Let me put it this way:

We've been to many a counseling session: during one of those I told her excatly what would happen if she hit me again.

I've been more than patient with her, trying to work things out.

Whether I went out or not, she would have hit me when I told her to quit acting stupid and getting worked up for nothing.

And I followed through with what I said I was going to do. Period.

Do I admit that my life needs to change? Ok Mr. AA spokesperson :cuckoo:

Am I proud of what I had to do last night? Not excatly. But I would do it again.

Now your turn:

If she had come home drunk and I popped her, would your reaction be different? (TRY and be honest)
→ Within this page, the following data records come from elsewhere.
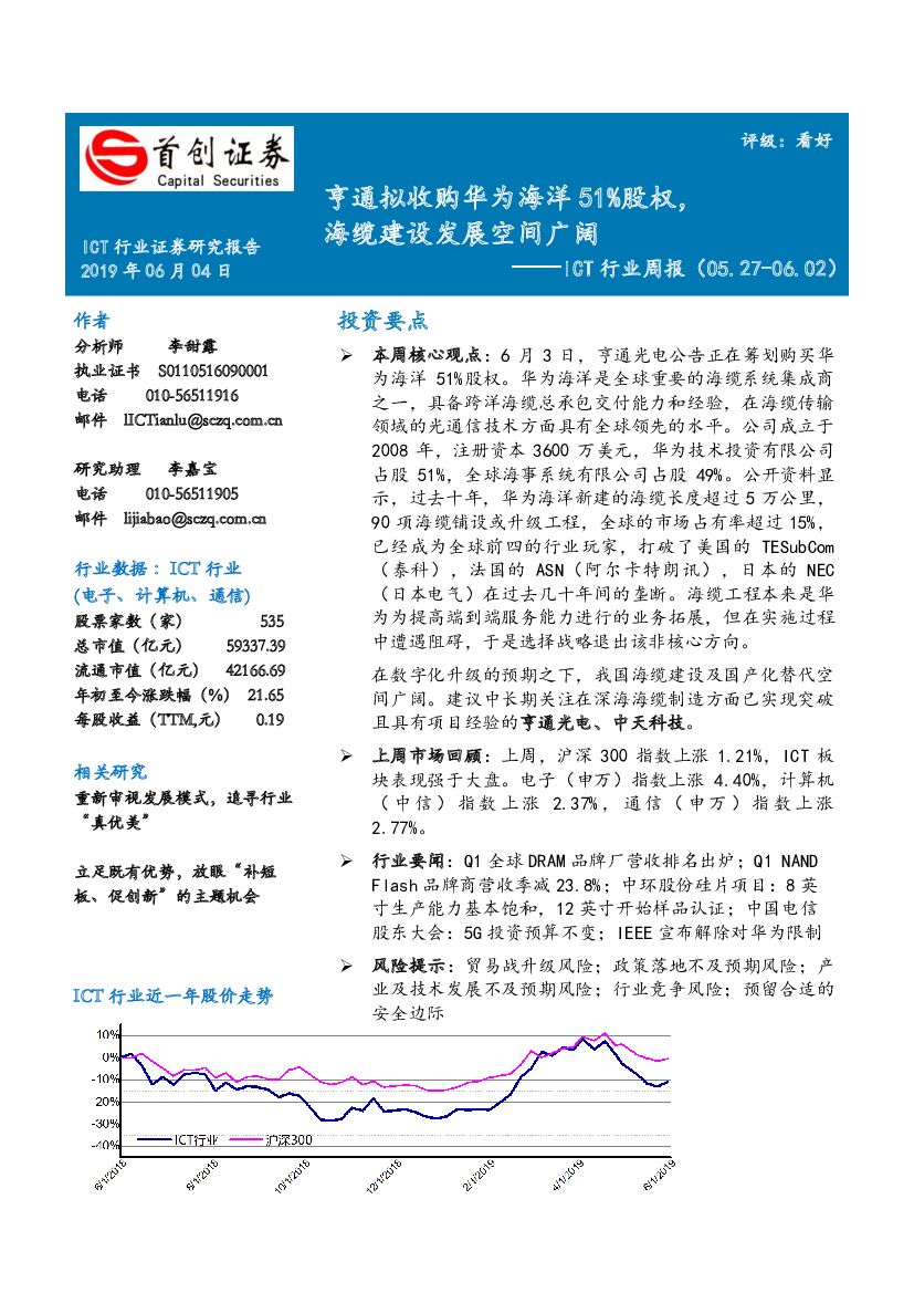 首创证券:ICT行业周报:亨通拟收购华为海洋51%股权,海缆建设发展空间广阔.pdf
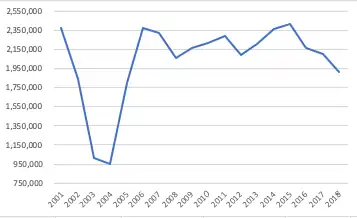 | 2018 | 1,915,173 | 1,952,505 | DTC[28] |
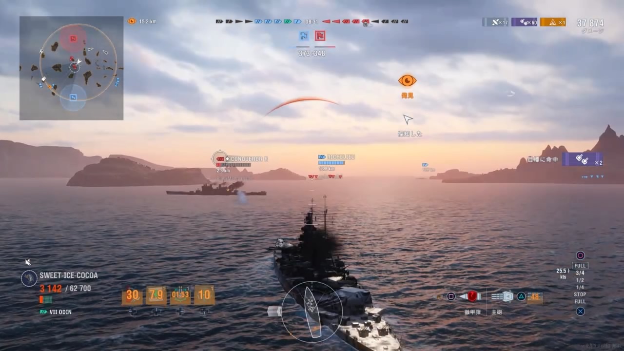 とあるランク戦。連続攻撃の成功でクイーンエリザベス艦長の「2隻同時に撃破よ!ピースオブケイク!」というめずらしいボイスを聞かせて頂きました!!
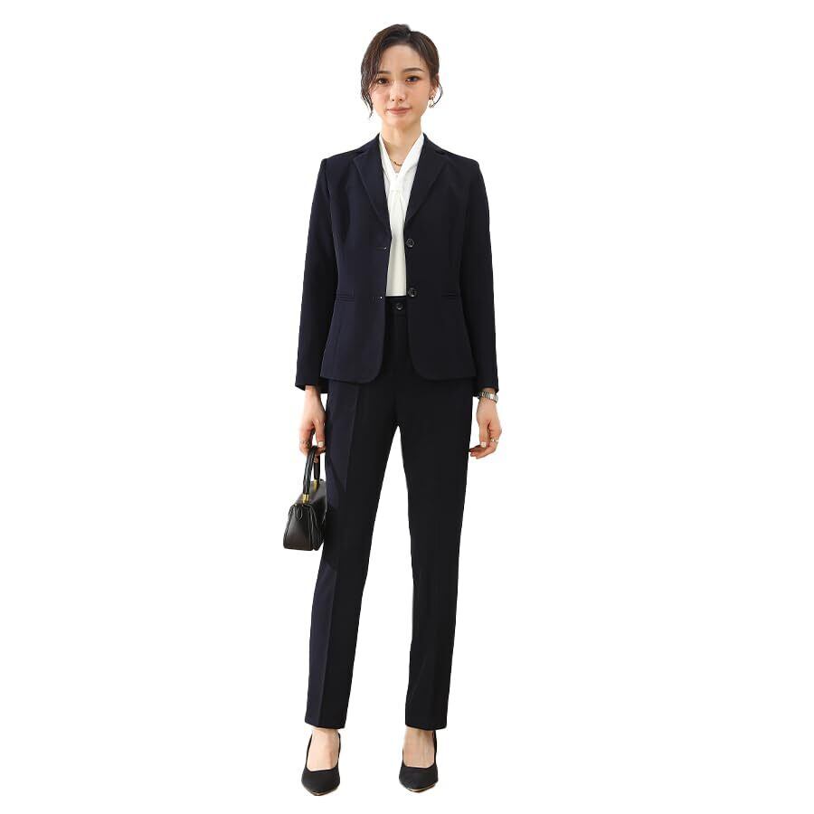【きちんと感と上品さを両立したパンツスーツ】テーラードジャケット×ストレートパンツのセットアップ。シンプルかつ美シルエットで、通勤・オフィス・ビジネススーツとしてはもちろん、フォーマルな場にも幅広く対応。
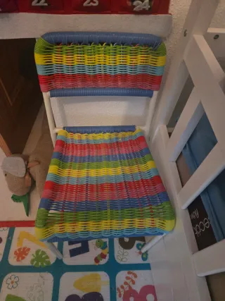 Silla infantil con un diseño alegre y colorido, perfecta para habitaciones infantiles o zonas de juego. Su estructura es de mimbre sintético trenzado en vivos colores. - Estructura de mimbre sintético. - Diseño de rayas multicolores. - Asiento y respaldo cómodos.
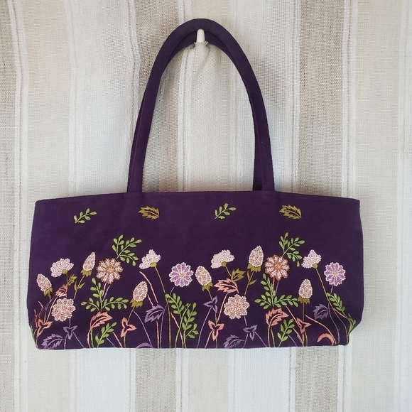 Tags: working woman, business casual, work trip, office accessories, purse, chic, trendy, vintage, classy, classic, hobo, vintage, retro, y2k, casual, embroidery, purple
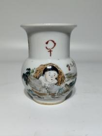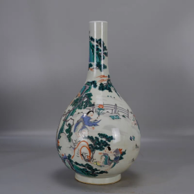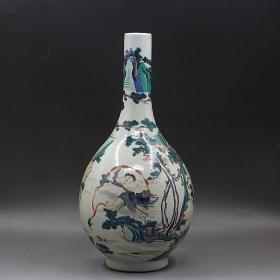清古彩刘海戏金蟾胆式瓶
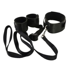 手枷だけじゃ物足りないって思ったら、この首輪も付いてるからさらに自由を奪われちゃう!バックルで調節できるから、体型に合わせて使えるよ。ひとりで遊ぶのもいいけど、パートナーがいるともっと楽しくなっちゃうかもね。
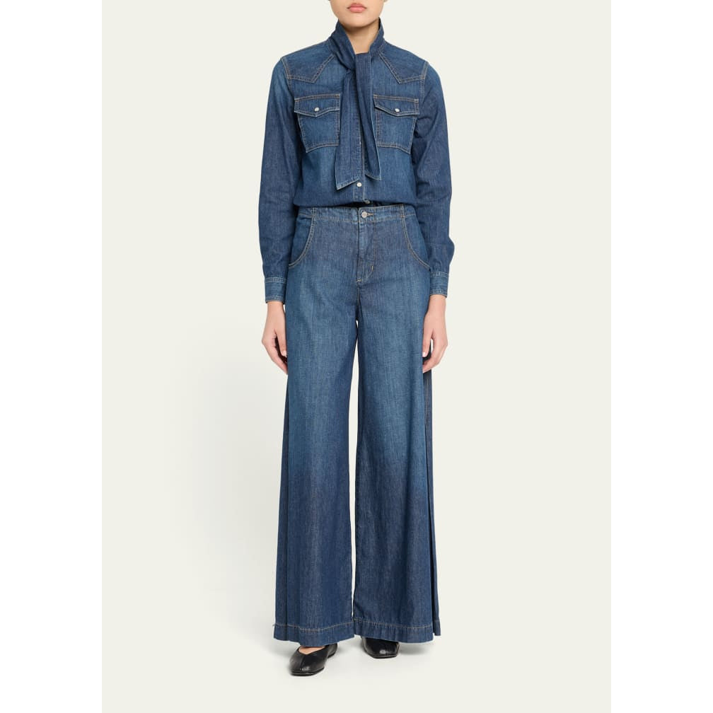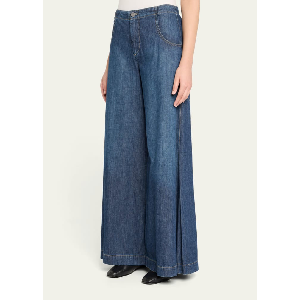 Fits True to Size. The Model is 5'10" and wearing a size 25.
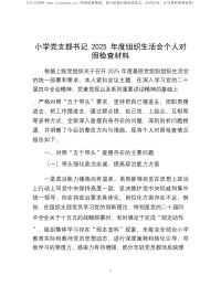 小学党支部书记2025年度组织生活会个人对照检查材料
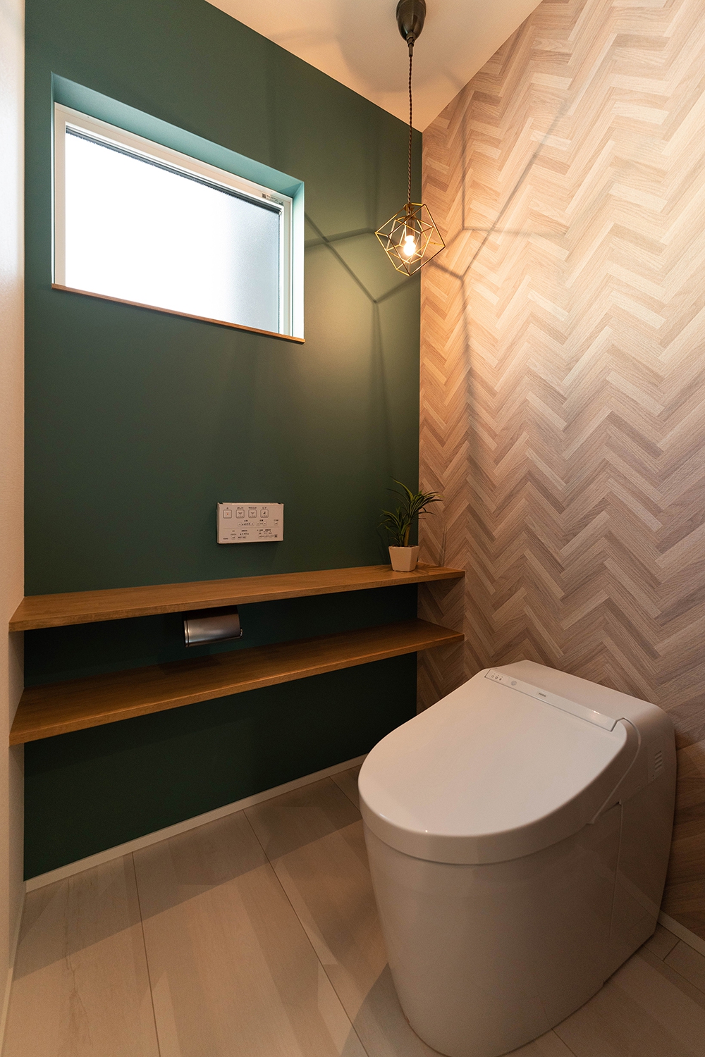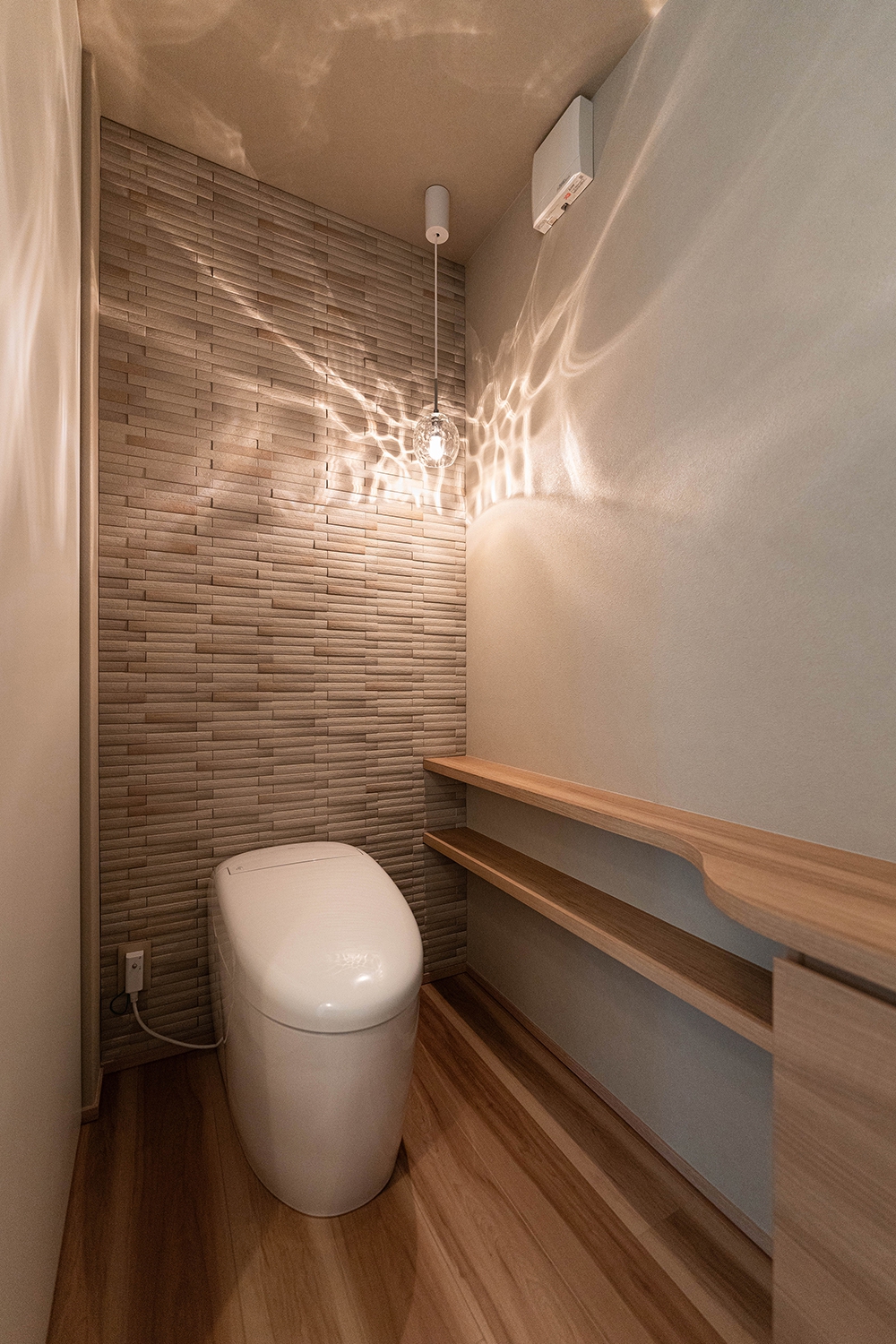 間接照明で落ち着いたトイレ。木目調の収納を採用し、家全体のトーンと合わせた

of course here will make it simple for you boys have penises girls have vagina's they are not one in the same and unless the crazy bitch if trying to cave your head in with a blunt object or stick you with a knife you don't hit them even if they hit you and you don't call the cops and have her arrested ..you walk away..like a MAN..come back in the mormimg...or not at all
 
An assault occurred. That is illegal, unless one is defending his or her life. It doesn't matter if he came home drunk. Is this a dysfunctional relationship? It may be. Brewerboy did the right thing.
 
ya he will see what good Friends the cops are when c.p.s shows up on Monday to investigate his dysfunctional relationship..good times..he will soon find out who his really enemy is...enjoy it now your victory may be short lived
 
ya he will see what good Friends the cops are when c.p.s shows up on Monday to investigate his dysfunctional relationship..good times..he will soon find out who his really enemy is...enjoy it now your victory may be short lived

You have some dysfunctional thinking if you think it is wrong to report someone who assaults you. A punch in the nose is assault. Spin it all you want. The girl was wrong to do what she did. It sounds like this wasn't the first time she had been abusive. Nobody should stay in an abusive relationship.
 
ya he will see what good friends the cops are when c.p.s shows up on monday to investigate his dysfunctional relationship..good times..he will soon find out who his really enemy is...enjoy it now your victory may be short lived

you have some dysfunctional thinking if you think it is wrong to report someone who assaults you. A punch in the nose is assault. Spin it all you want. The girl was wrong to do what she did. It sounds like this wasn't the first time she had been abusive. Nobody should stay in an abusive relationship.